For instance I conveniently have the following numbers for my irons: LW 100, SW 100-110, GW 120-125, PW 140, 9i 150, 8i 160, 7i 170, 6i 190, 5i 200, 4i 210, 3i 230 etc…

Now those are really “convenient numbers” aren’t they? They are all base ten basically. But if I were to take a 7i and hit say 30 shots and shoot the average I could come up with a fairly exact distance my 7i really goes. I bet it isn’t exactly 170 yards. Maybe it’s 167. Maybe it’s 175?

So take that information onto the course. The pin is exactly 180 yards away. But the front of the green slopes away from you. The front of the green is 175 yards. After shooting my 7i I determine it goes exactly 175 yards. I choose 7i, hit the front of the green and the ball rolls down to exactly pin high.

That kind of data could only be determined with a range finder, or spending hours pacing off shots on the range. You can’t really pace off shots like Bobby Jones used to because you’d either be killed by other golfer’s shots on the range, or kicked off by the marshall.

Conclusion

Some more “traditional” or “old fashioned” types may poo-poo range finders but they’re just another advancement in the game of golf like balata and steel shafts were in their day.

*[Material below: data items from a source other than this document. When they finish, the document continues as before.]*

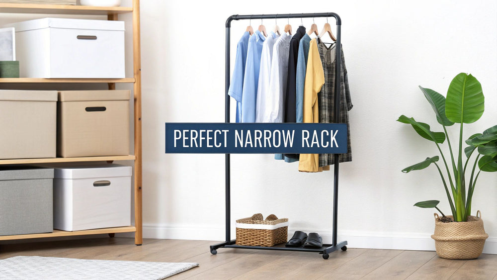 A narrow garment rack is a slim, freestanding frame for hanging clothes, specifically designed for spots where a traditional closet just won't fit. It's the ultimate secret weapon for turning a messy corner into a functional extension of your wardrobe and maximizing your closet organization, especially if you're navigating the challenges of a small apartment or bedroom.
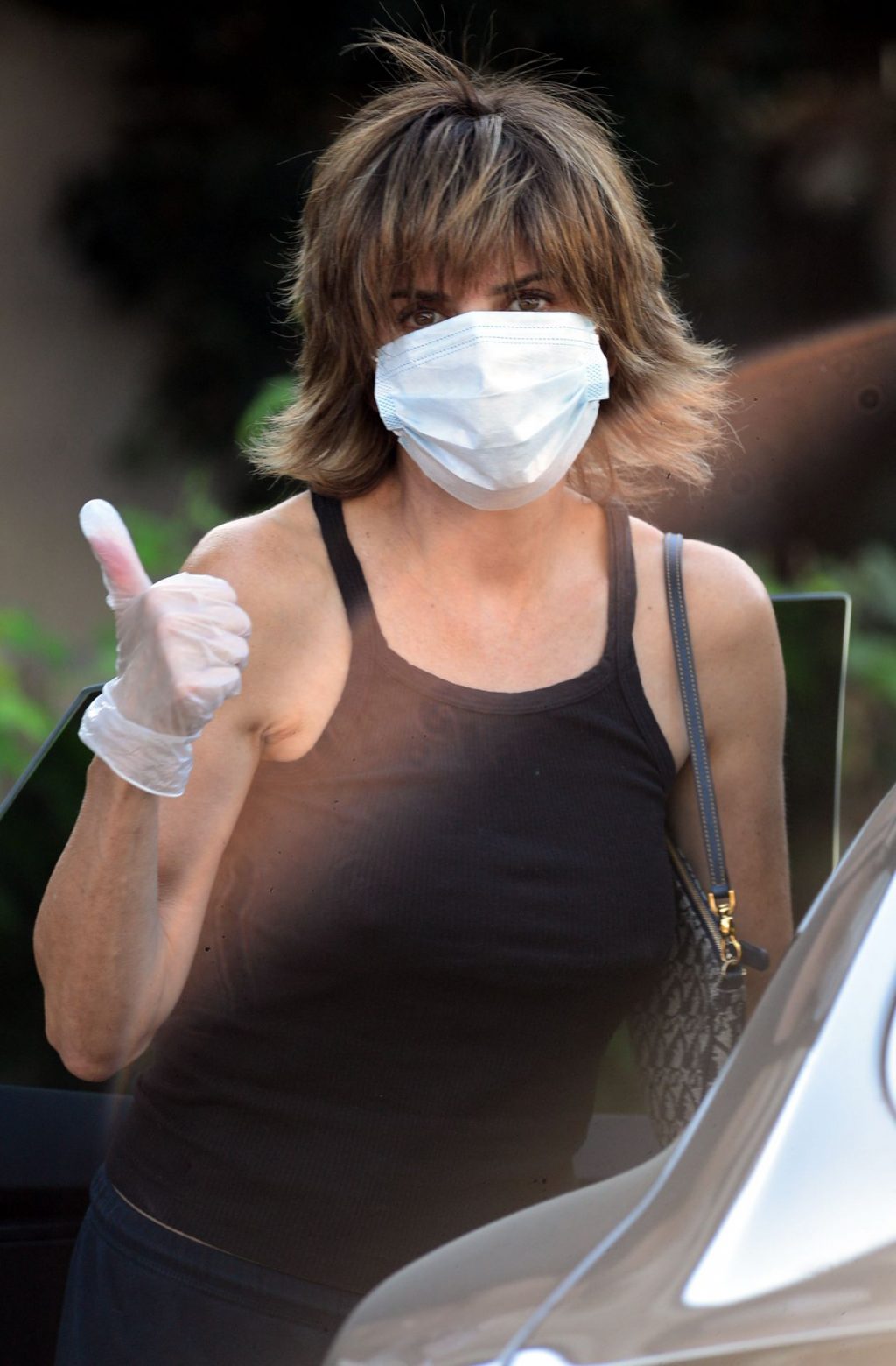 El cabello de Lisa Rinna parece estar teniendo un momento de “Algo pasa con Mary” mientras recoge su ropa en la tintorería del Beverly Glen Shopping Center en Beverly Hills, 02/10/2020.
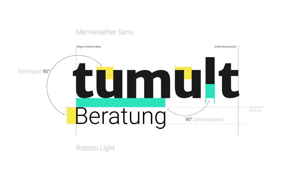 Beide Schriften werden in der kombinierten Wortmarke verwendet. Die Schrift Merriweather Sans ist im Schriftschnitt ‚black‘ die Basis des tumult Logos und für den Projektbereich wird die Roboto im Schriftschnitt ‚light‘ genutzt.
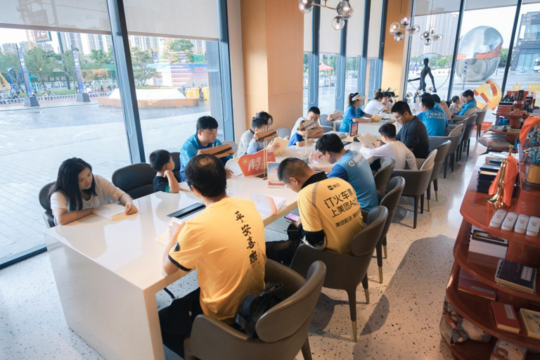 言+买书汇工作人员带领大家参观初心书屋,并对中国共产党的发展历程进行讲解。小朋友和大朋友们仔细阅读红色书籍,感悟其中蕴含着的红色文化和精神内涵。
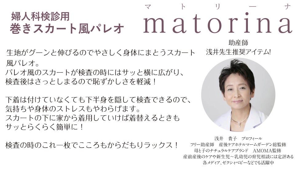 多くの出産に立ち会い女性の気持ちに寄り添う助産師浅井先生に、検査時に着用することで気持ちと身体の緊張を緩和できるアイテムとして『matorina(マトリーナ)』を推奨頂きました。
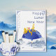 The design features a traditional Chinese folding fan, symbolising wealth, authority, and wisdom. The Chinese calligraphy "如意" translates to "Good fortune as one wishes" and is beautifully complemented by distant grey-blue mountains. Both English and Chinese good wishes are included, creating a simple yet sophisticated design. A red stamp with the Chinese characters "巳蛇" (Year of the Snake) completes the composition, making it a perfect way to celebrate a new beginning.
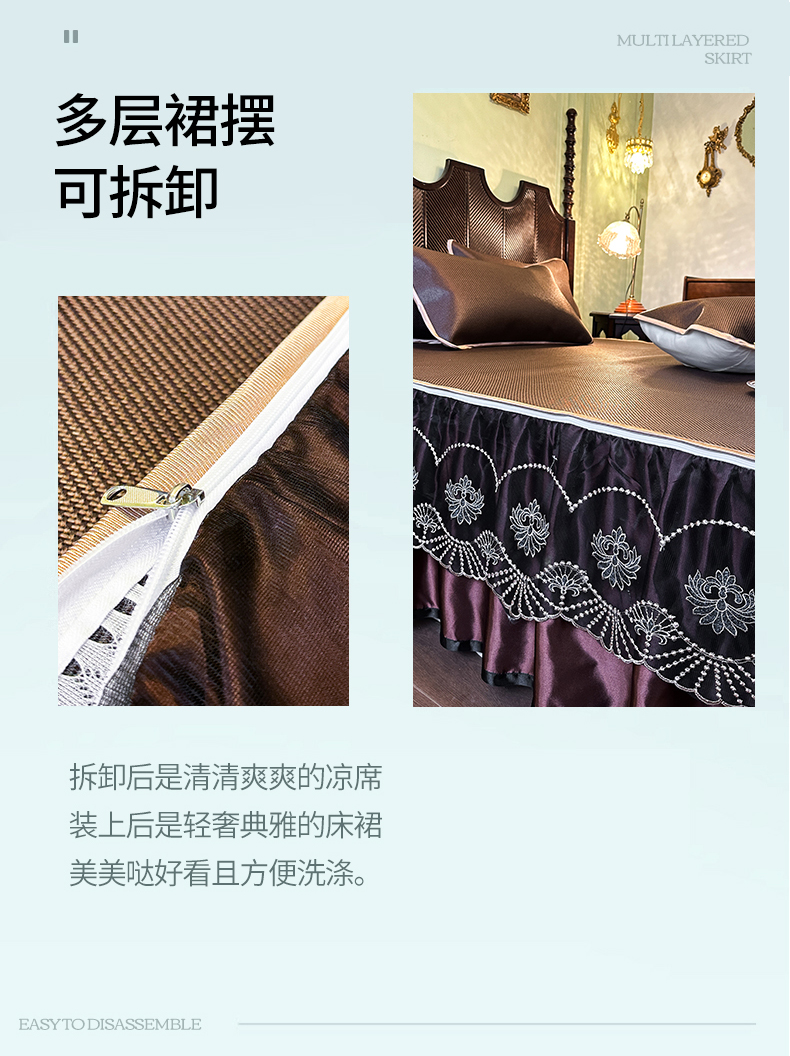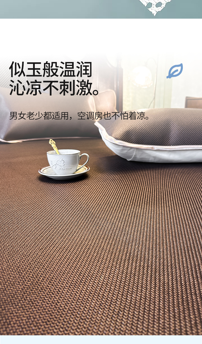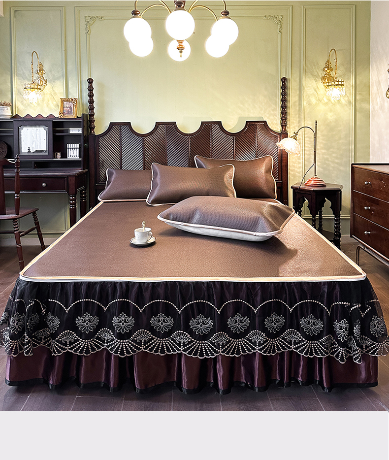 网红馆(ck家纺) 2026新款可脱卸床裙款冰藤席凉席席子-雅韵 雅韵-深咖
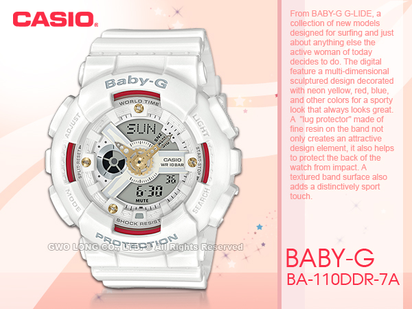 BA-110DDR-7A CASIO BABY-G 雙顯女錶 橡膠錶帶 白色 防水100米

I think when used properly range finders can increase the pace of play and give the player better data on his game. Having more confidence in club selection and distances can only help the player’s confidence and help him execute good shots which go the right distance. For most amateurs especially, distance is a big “unknown.” Most amateurs come up short on the majority of their approach shots.